氮(N)循环是地球生态系统中重要的生物地球化学途径的集合,在生态学和环境研究中得到了广泛的关注。目前,鸟枪法宏基因组测序Shotgun metagenome sequencing已被广泛应用于探索负责 N 循环过程的基因家族。NCycDB 是一个手动管理的综合数据库,用于从鸟枪法宏基因组测序数据中快速准确地分析 N 循环基因(亚)家族。 NCycDB 总共包含 68 个基因(亚)家族,涵盖 8 个 N 循环过程,分别具有 95% 和 100% 一致性阈值的 84 759 和 219 146 个代表性序列。数据库中还包含了 1958 个同源直系同源组Homologous orthology groups的序列,以避免由于 “小数据库” 问题导致的假阳性分配。

数据库及脚本

下载

  • 通过 Git

    git clone https://github.com/liaochenlanruo/NCyc.git
  • 通过 wget

    wget https://github.com/liaochenlanruo/NCyc/archive/refs/heads/master.zip

配置

  • 通过 Git 下载的不需要解压,通过 Wget 下载的需要先解压。
  • 修改 NCycProfilter.PL 文件的第 8-13 行中 4 个依赖软件的安装路径。
  • data 目录下的 NCyc_100_2019Jul.7z 解压,将解压得到的 NCyc_100_2019Jul 重命名为 NCyc_100.faa 并移动至 data 目录下。

依赖

  • Blast
  • diamond
  • usearch
  • Perl

输入文件

  • 序列文件
    宏基因组测序得到的 Reads 文件、组装后的序列文件以及通过基因预测后得到的氨基酸序列文件均可。
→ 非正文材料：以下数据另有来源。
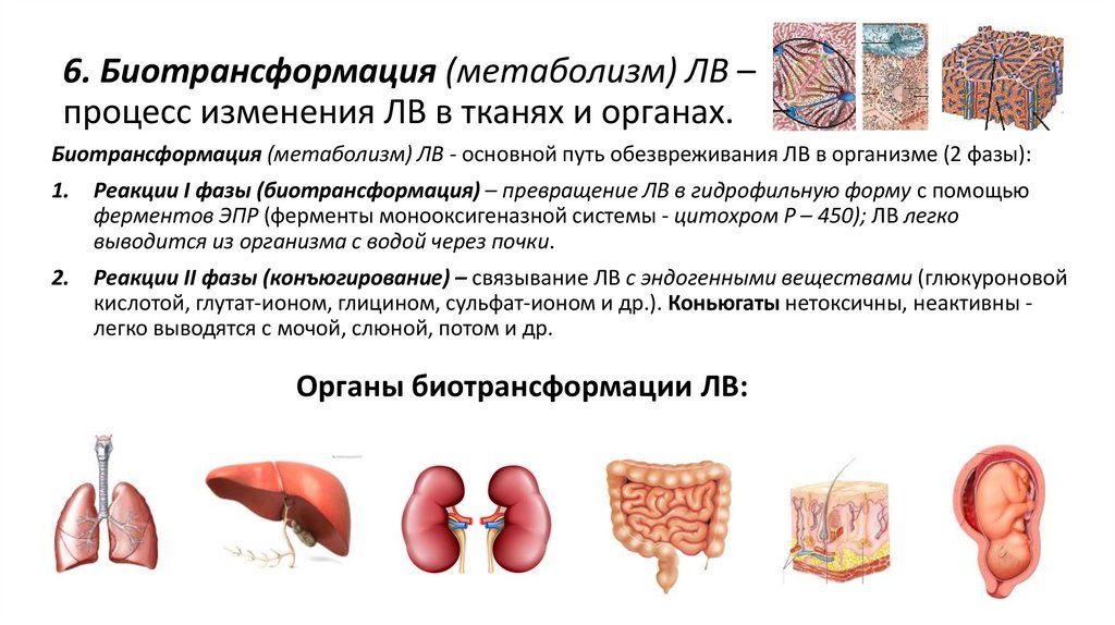 6. Биотрансформация (метаболизм) ЛВ –процесс изменения ЛВ в тканях и органах.

序列文件可以是压缩的,也可以是解压的。

  • 基因组 - 序列数对应文件
    提供一份文本文档,共包含两列,第一列为 样本名称 (即序列文件的名字,不带文件后缀名),第二列为 样本包含的序列数量

预测

perl NCycProfiler.PL -d ./ -m diamond -f faa -s prot -si SI.txt -o Ncycle.out.txt

参数解析:

-d 指定工作目录,即序列文件所在目录。
-m 指定用哪个软件进行序列比对,可选 diamondblastusearch
-f 指定序列文件的后缀名,不需要带 .
-s 指定序列类型,氨基酸为 prot ,核苷酸为 nucl
-si 基因组 - 序列数对应文件
- rs 随机取样大小,如果不指定,将取包含序列最少的样本的序列数
- o 指定输出的文件名称

结果解析

得到的结果文件是一个表格,第一行为随机取样大小。第一列为参与 N 循环的基因名,其他列为各样本含有的对应基因的数量。

可视化

可参考本站另一篇文章 R 语言绘制气泡图 Bubb_Plot 进行数据可视化。

  • 不带分组
setwd("E:/Researches/Xiaqian/NGS/CleanData/宏基因组数据/Result/NCyc")
data <- read.table("Ncycle.out.txt",header = TRUE, sep = "\t")

library(ggplot2)
library(reshape)
data_melt <- melt(data)
names(data_melt) = c("Genes", "Samples", "Abundances")
data_melt <-as.data.frame(data_melt)

# 做主图
bubble <- ggplot(data_melt[which(data_melt$Abundances>0),], aes(x = Samples, y = Genes, size = Abundances, color = Samples)) + geom_point()

# 修改细节 — 图注,点大小,点shape
bubble_style <- bubble + theme_classic()+
    labs(
        x = "Sediment layers",
        y = "N cycling genes",
        color="Samples", # 颜色图注名
        size="Abundances")+    # 大小图注名
    scale_size(range = c(0.1, 10), breaks = seq(0.1, 0.6, 0.2)) +  #等比修改圆圈大小
    theme(plot.title=element_text(family="Arial",size=8,
                                  color="red",face="italic",
                                  hjust=0.5,lineheight=0.5),
          plot.subtitle = element_text(hjust = 0.5)) + 
    theme(axis.text.x = element_text(angle = 0, hjust = 0.5))

bubble_style

依据下表获得基因的 PathwaysAnnotation ,随后依据 Pathways 进行分组并绘图。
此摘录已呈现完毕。